For the diagnosis of hereditary cancer syndromes such as Lynch syndrome, it is important that the NGS workflow can distinguish between functional and pseudogenes such as PMS2 and PMS2CL respectively. Lynch syndrome is an autosomal dominant condition caused by germline mutations in mismatch repair genes of PMS2, as well as MLH1, MSH2 and MSH6.8 Individuals found to have pathogenic variants in these genes are at a much greater risk of developing gastrointestinal cancer and primary malignancies in diverse sites at a young age.9

Although multi-gene panels have proven to be a clinically viable solution, many NGS panels struggle to detect key hereditary CNVs and mosaic forms of CNVs; as this requires exceptional hybridization and capture panel performance, accomplished through high on-target and low duplication rates. In conjunction with panel design and performance, the associated bioinformatic pipelines need to provide high precision and recall of all variants without the need for MLPA analysis or additional ancillary tests.

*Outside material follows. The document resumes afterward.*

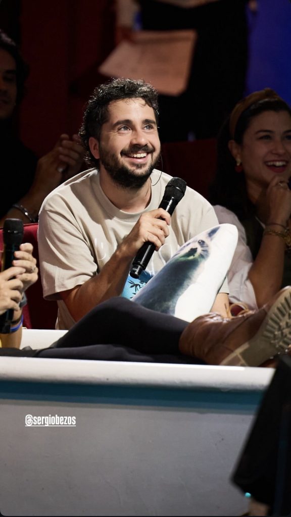Sergio Bezos llega a la entrevista con la misma naturalidad desconcertante con la que se enfrenta cada noche al público de La Revuelta. No hay guión, ni en el plató de televisión ni en esta cafetería en la que nos encontramos. A primera vista, podría parecer un tipo tranquilo, lejos de la imagen de agitador de masas que proyecta en su show. Sin embargo, en cuanto empieza a hablar, asoma ese estilo inconfundible que él define como una mezcla de inocencia y caos. Formado en Comunicación Audiovisual, con tres másteres y curtido en la improvisación teatral tras estudiar en el conservatorio, Bezos ha pasado de escribir en la sombra a convertirse en un elemento imprescindible del humor actual en España.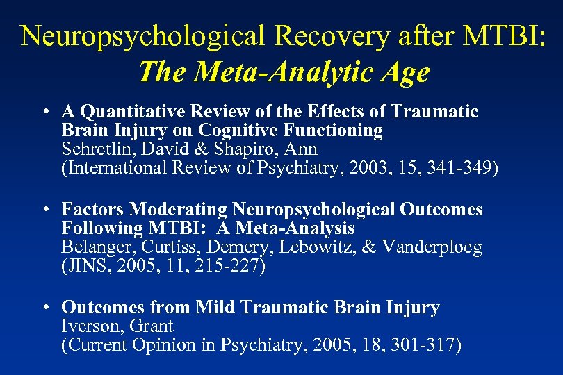 Neuropsychological Recovery after MTBI: The Meta-Analytic Age • A Quantitative Review of the Effects of Traumatic Brain Injury on Cognitive Functioning Schretlin, David & Shapiro, Ann (International Review of Psychiatry, 2003, 15, 341 -349) • Factors Moderating Neuropsychological Outcomes Following MTBI: A Meta-Analysis Belanger, Curtiss, Demery, Lebowitz, & Vanderploeg (JINS, 2005, 11, 215 -227) • Outcomes from Mild Traumatic Brain Injury Iverson, Grant (Current Opinion in Psychiatry, 2005, 18, 301 -317)

The bioinformatic analysis pipeline should be fully automated and have the capability to integrate with decision support software if required, to enable easy and straightforward reporting of CNVs. The pipelines should detect SNVs, indels and CNVs with high precision and recall across all genes recommended in UK NGT directory (Table 2), including the more challenging genes such as MHS2 and BRCA1 for hereditary cancer testing. To achieve maximum sensitivity and robust calling of CNVs from single exons to whole genes, increased coverage of key clinical CNVs may be required, along with the implementation of multiple CNV detection strategies and the use of several CNV callers to fully validate results.

Table 2: Recommended genes for screening hereditary cancer types - from the NGT directory and covered in the GALEAS Hereditary Plus Panel.

Prostate ATM, BRCA1, BRCA2, CHEK2, MLH1, MSH2, MSH6, PALB2
Brain APC, ATM, MLH1, MSH2, MSH6, PMS2, TP53
Sarcoma EXT1, EXT2, MTAP, NF1, RECQL4, SQSTM1, TP53
Pediatric CDKN1C, CTR9, REST, TRIM28, WT1

To improve CNV detection and minimize background noise during CNV calling, a panel of normals built into the bioinformatics software can be used as a reference model. This gives a representation of the expected read depths across the design panel that a single sample can then be compared to. For clinical use, the panel of normals should be acquired using a large cohort of clinically ‘normal’ samples. These samples should be processed using the same library preparation techniques and using the same sequencing workflow as the samples of interest. The data set from the panel of normals will provide a baseline to call CNVs, thereby dramatically improving the accuracy of CNV calling.